One example out of its many key lessons: “As the developer of content for a project using Git, you should create your own private copy, or clone, of the repository to do your development. This development repository should serve as your own work area where you can make changes without fear of colliding with, interrupting, or otherwise interfering with another developer.”

In another key lesson, they show how to use git stash, “the mechanism for capturing your work in progress, allowing you to save it and return to it later when convenient….the stash is a quick convenience mechanism that allows a complete and thorough capturing of your index and working directory in one simple command. It leaves your repository clean, uncluttered, and ready for an alternate development direction. Another single command restores that index and working directory state completely, allowing you to resume where you left off.”

In a software development environment where everything is a crisis and priorities change hourly on what should have been finished yesterday, git stash save and git stash pop may become two of your favorite commands.

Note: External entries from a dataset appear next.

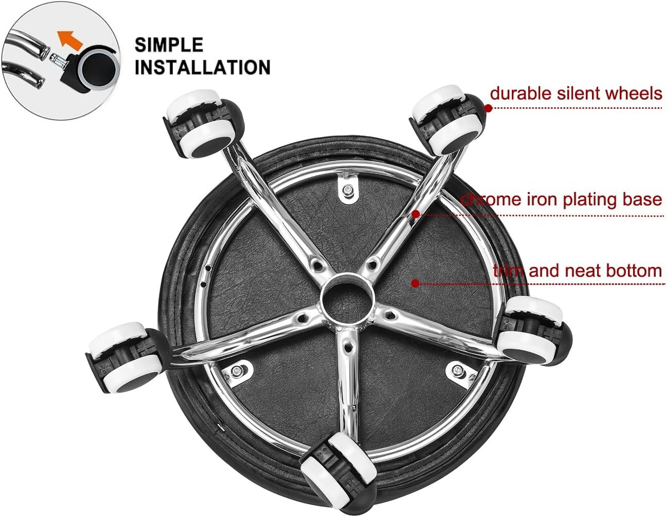 | Assembly Instructions Description | Easy to assemble in less than 1 minute with 2 parts: seat cushion base and 5 wheels. |
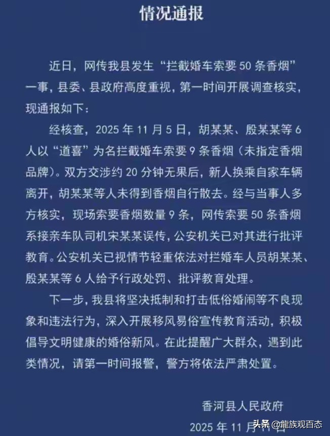 5、通报中着重强调,拦车人索要的香烟数量是9条,50条是婚车司机的误传。
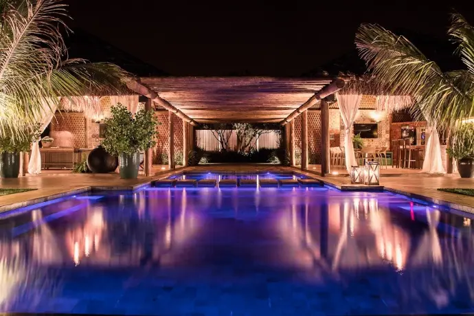 Equipamentos de LED RGB de últica geração submersíveis, estrategicamente instalados, criam cenários e jogos de luz personalizáveis. A iluminação técnica ao entorno da piscina destaca linhas contemporâneas e proporcionam uma experiência visual única durante a noite.
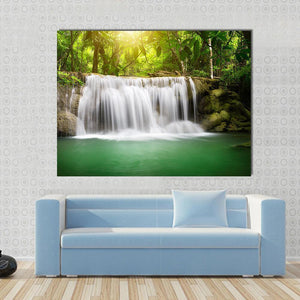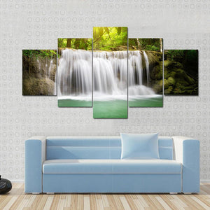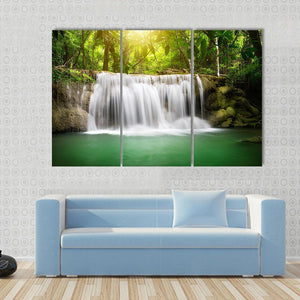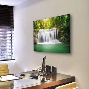 This serene piece captures a beautiful waterfall amidst lush green foliage, with sunlight filtering through the trees. Its photorealistic style brings the tranquility of nature into your space.
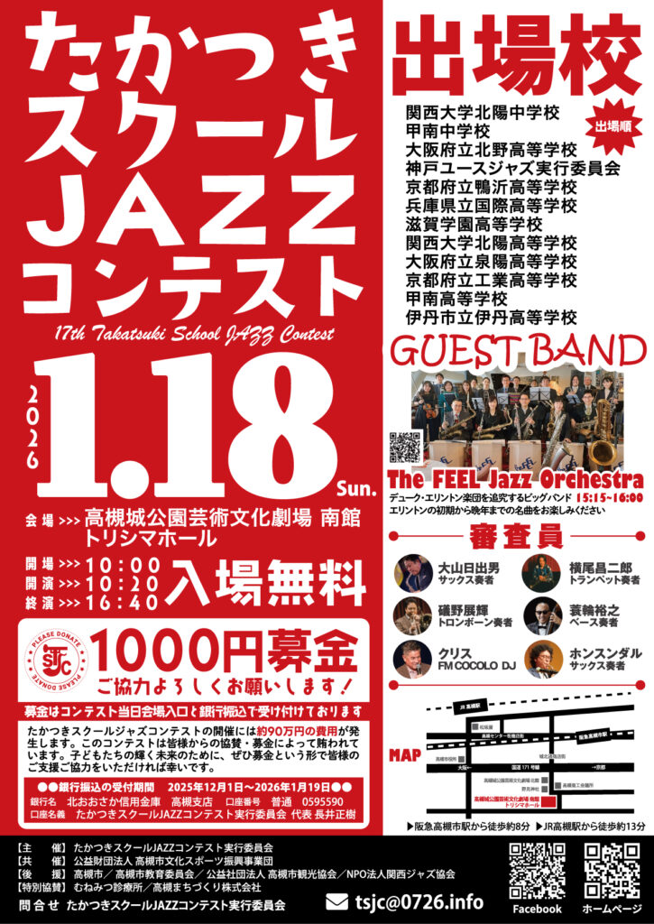 第17回たかつきスクールJAZZコンテストの開催が決定しました。
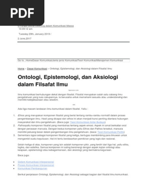 Epistemologi atau teori pengetahuan adalah cabang filsafat yang berurusan dengan hakikat dan linkup pengetahuan pengandaian pengandaian dan dasar dasarnya serta pertanggung jawaban atas pernyataan mengenai pengetahuan yang dimiliki. Ontologi adalah reori dari cabang filsafat yang membahas tentang realitas. Contoh ontologi epistemologi dan aksiologi dalam kehidupan sehari hari written by hairus saleh saturday january 19 2019 3 comments edit filsafat merupakan ilmu yang membahas tentang teori teori abstrak hingga para pelajarnya kesulitan mengaitkannya dengan kehidupan. Contoh implementasi kajian filsafat ontologi epistemologi aksiologi kinerja guru pembimbing khusus ditinjau dari kualifikasi pendidikan masa kerja dan status kepegawaian di sd inklusif surabaya oleh. Berikut penjelasan ontologi epistemologi dan aksiologi sebagai bagian dari filsafat ilmu komunikasi. Onto berarti ada dan logos berarti ilmu.
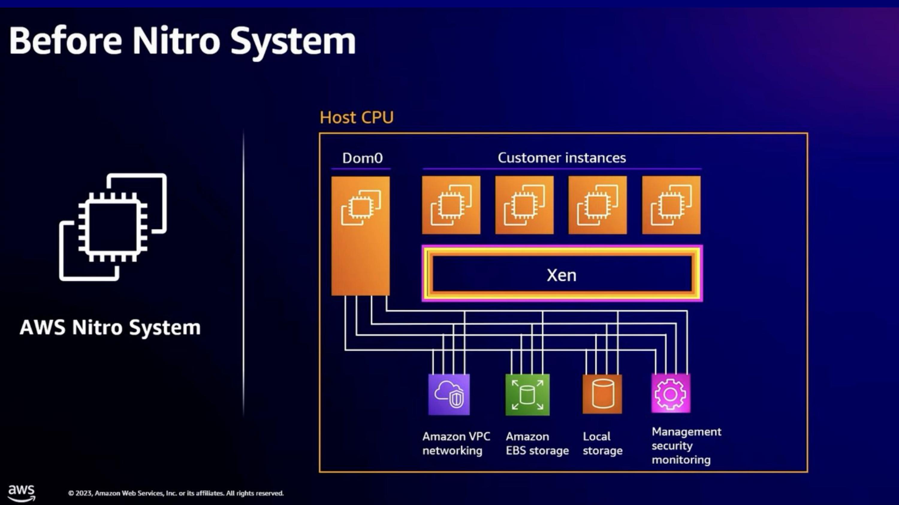 또한 device와 통신하기 위해서 존재하던 dom0가 제거되며, Xen Hypervisor도 오로지 VMM 역할만 하는 Nitro Hypervisor로 변경됨
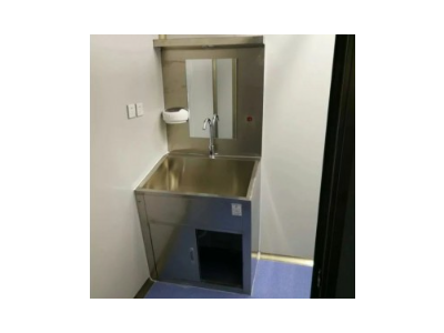 不锈钢制作,一体化无焊缝池体,出水方式有:感应式、膝控式、脚踏式和手动开关,一台洗手池可客户要求选择单一出水方式或多种出水方式。洗手池分高背和低背,高背总高度
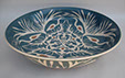 To create the winter series of platters, I select plants that are flexible and show detail when pressed into a slab. I apply layers of different slips, put the slab design-side down on a hump mold and build or wheel-throw a foot on what will be the bottom of the platter. After bisque, I apply and remove layers of varying oxides, apply glaze and re to cone 10 in a reduction atmosphere.
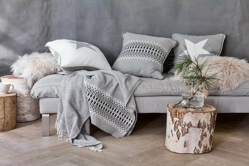 - Одеяла и подушки. Сложно представить зимние вечера без мягких тканей из натуральных материалов. Шерстяное одеяло согреет в холода и станет интересным украшением, если небрежно повесить на кресло.
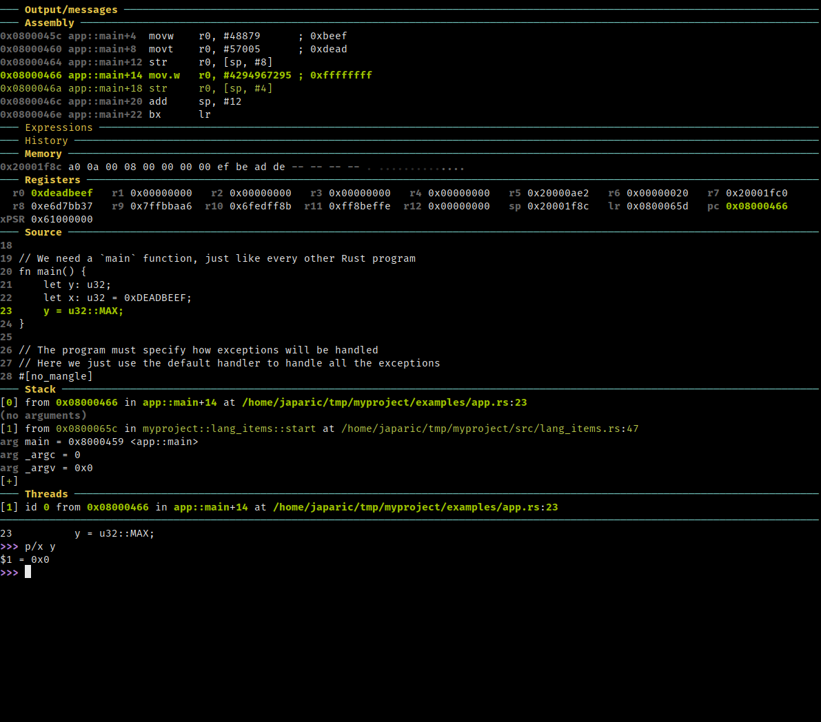 $ arm-none-eabi-objdump -Cd target/$TARGET/debug/app
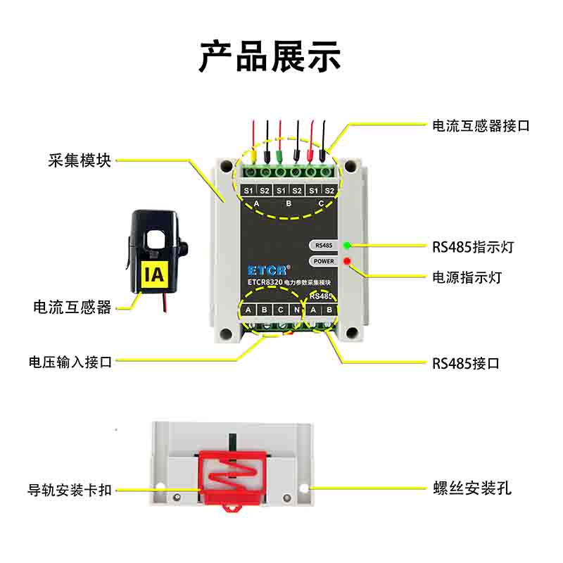 ETCR8320系列電力參數(shù)采集模塊用于現(xiàn)場(chǎng)在線實(shí)時(shí)監(jiān)測(cè)、記錄3路交流電流、交流電壓、無(wú)功功率、有功功率、視在功率、功率因數(shù)、畸變率、諧波、不平衡度、潮流方向等電力參數(shù)。采集模塊由采集器、開(kāi)口式互感器等組成。采集模塊可接入3路電流互感器、3路電壓。采集器具有RS485通訊功能,提供MODBUS通訊協(xié)議,便于用戶二次開(kāi)發(fā),B型具有PLC通訊?;ジ衅饔袌A形、扁口、防水型等多種款式可供用戶選擇,開(kāi)口式結(jié)構(gòu)CT現(xiàn)場(chǎng)安裝時(shí)無(wú)需停電無(wú)需斷開(kāi)電纜線,安裝方便安全。采集模塊體積小巧,特別適合安裝在JP柜、箱變電房等空間狹小的場(chǎng)所使用。采集模塊有2種安裝方式:螺釘安裝或?qū)к壈惭b。廣泛應(yīng)用在電氣裝置的交流電流、接地環(huán)流、交流電壓的在線監(jiān)測(cè),為用電檢查人員提供安全、準(zhǔn)確、便捷的電力參數(shù)。
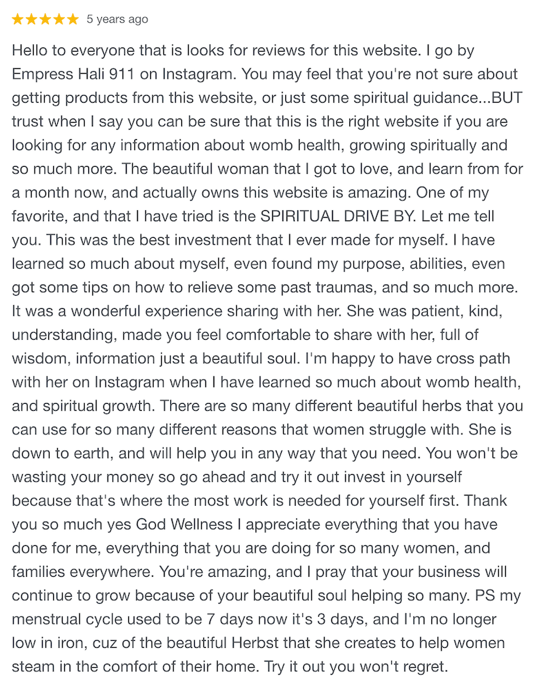 Yoni steaming was one of the catalysts that allowed me to connect back to my true essence… GOD. It allowed me to begin to release trauma and be vulnerable and honest with myself. It not only felt amazing but it started to high light my womb heart connection. It changed my life.
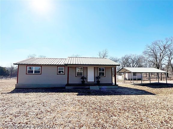 Fresh new complete remodel on this country charmer! Absolutely stunning inside! New paint, flooring, fixtures and windows throughout. New cabinets, sinks and tub/shower. Everything is NEW! Two bedroom, one bath all sitting on one acre +/- with beautiful mature trees, two-car carport and small storage. Conveniently located just South of Muldrow only 2 minutes to I-40. Come check this one out today!!!

The book describes installing versions of Git for Linux and Microsoft Windows, and for running within Cygwin. It also can be run on Mac OS X and Solaris systems. Meanwhile, most of the book’s chapters focus on using the Git command line tool. But the new 2nd edition also devotes a chapter to what many Git users consider the most vital tool that has emerged from the big online community that now surrounds Git:

Developers often clone a repository from GitHub. Several types of public and private repositories also can be created there. And so-called “social coding” is available. Indeed, many open source projects are hosted on GitHub, and some of them attract people who simply watch the coding, while others do coding in personal “forks” that may or not prove helpful to those more officially involved in the project. Yet another popular use of GitHub is finding useful code examples in particular programming languages.

Whether Git is in your working future or it’s already here, or if you’re still wondering if it can help you, definitely check out Version Control with Git.